若き金融王は身ごもり妻に昂る溺愛を貫く【極上四天王シリーズ】
美夕はあきらめてダイニングチェアに腰を落とした。四人掛けの、木目の綺麗なダイニングセットだ。

この家にあるものはいずれも新品。北菱家にあるアンティークの調度品とはまた違って、北欧系のおしゃれなインテリアが揃えられている。
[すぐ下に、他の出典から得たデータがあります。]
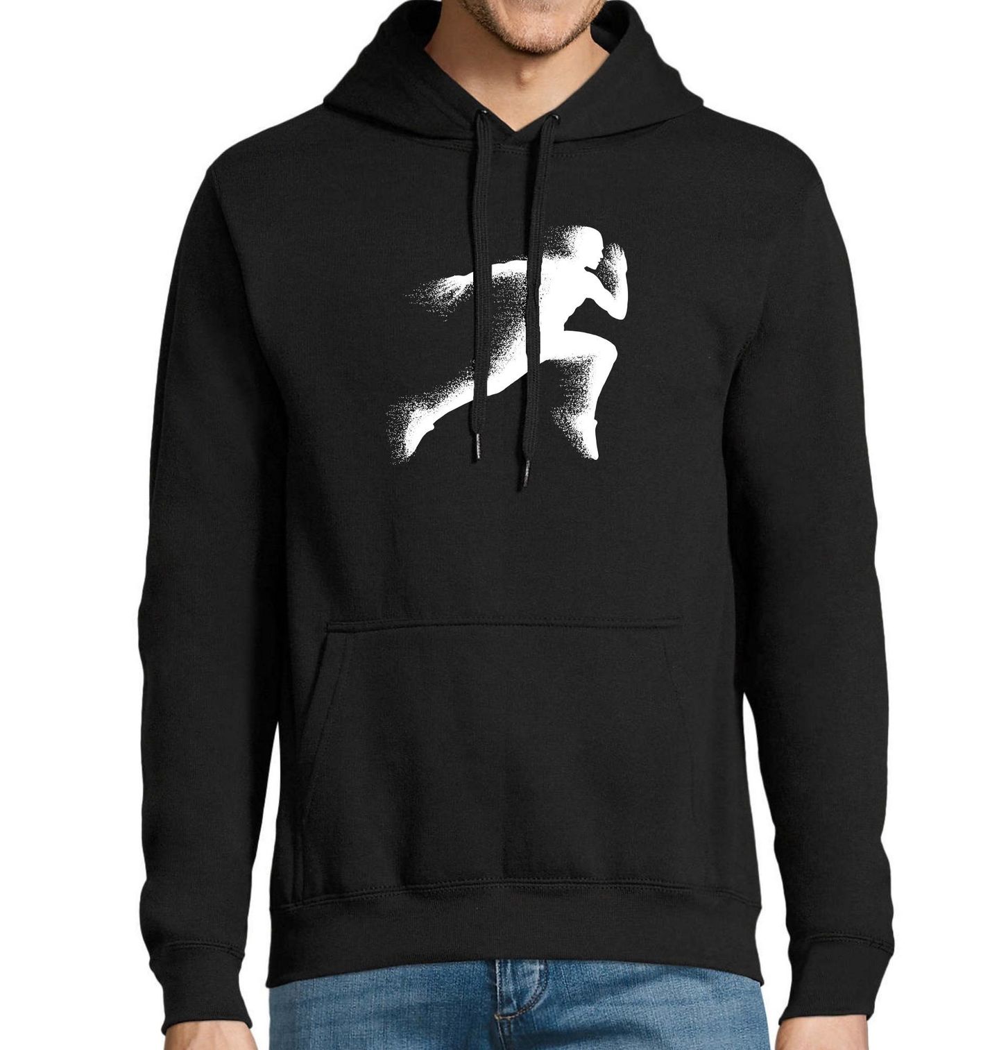 Pánská mikina Běžec Energie Pohybu. Tento moderní grafický motiv zobrazuje dynamickou siluetu běžce, který se rozpadá do drobných bodů a vytváří tak dojem rychlosti, energie a svobody pohybu. Minimalistické černobílé provedení působí stylově a nadčasově. Motiv symbolizuje běh jako životní styl, vášeň i vnitřní sílu posouvat své limity. Skvělá volba pro sportovce, milovníky pohybu i fanoušky originální grafiky.
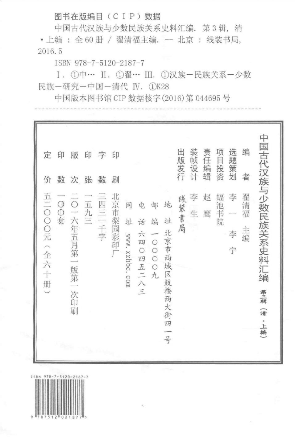 中国古代汉族与少数民族关系史料汇编 第3辑 清 上(全60册)

美夕の好みにどんぴしゃだったことが、余計に悔しく思われる。

「桐江さん、ごめんなさい。少し疲れてしまったわ。お茶を淹れてくれる?」

美夕が声をかけると、桐江はなぜかきゅっと唇を引き結んだ。

いつもなら笑顔で「どんなお茶がよろしいですか?」と聞いてくれるはずだ。

なんなら「ティータイムにしましょう」と、とっておきのスイーツを出してきてくれるはずなのだが――。

「ごめんなさい、美夕さん」

「……桐江さん?」

彼女の様子がおかしいことに気づき、美夕は腰を浮かす。

桐江は気まずそうに目を逸らしていたが、やがて意を決したのか、美夕をキッと見つめ返した。

「私はもう、花柳家の使用人ではありません。美夕さんの自活をサポートするため――教師として、慶様に雇われました」

「教師……?」

美夕はぽかんと口を開ける。これまでも勉強を教わったことは多いけれど、自活のサポートとは、どういうことだろう。